### [Instructions for the task]
The exercise calls for the lines from the one containing "- Если юмор" to the end of the data below to be output exactly, pictures excluded.

### [Provided material]
·····
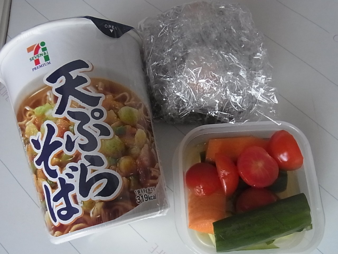 2013.06.25 カップそばとキュウリ、ニンジン、プチトマトのピクルス、おにぎり
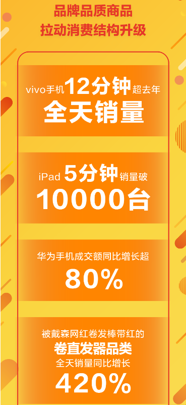 作為傳統(tǒng)優(yōu)勢品類,手機在今年618年中購物節(jié)首日的表現仍舊搶眼。vivo手機12分鐘超去年全天銷量,最終全天的銷量達到去年同期的11倍;華為手機成交額同比增長超80%,華為手機配件成交額同比增長超300%; iPad在5分鐘的銷量就突破萬臺。
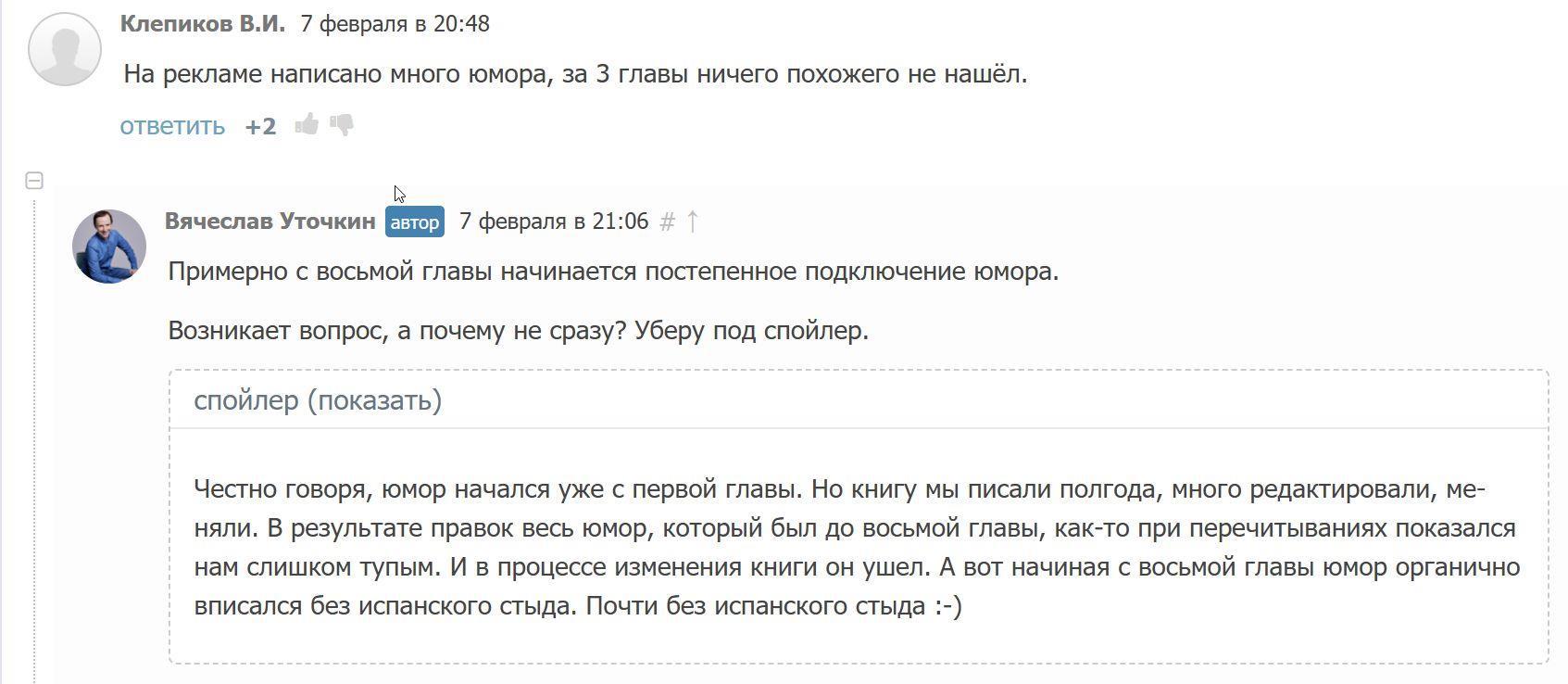 - Если юмор заявлен в книге и рекламе, то начинать его сразу в первой главе.
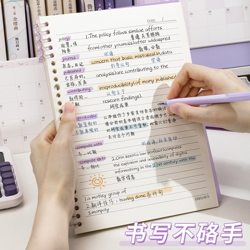 Главная страница > Тетрадь Deli на кольцах формата B5, тетрадь на кольцах Morandi, удобная для держания, съемная тетрадь на спирали формата A5 для учащихся средней школы.
·····
### [Output below]
 - Если юмор заявлен в книге и рекламе, то начинать его сразу в первой главе.
 Главная страница > Тетрадь Deli на кольцах формата B5, тетрадь на кольцах Morandi, удобная для держания, съемная тетрадь на спирали формата A5 для учащихся средней школы.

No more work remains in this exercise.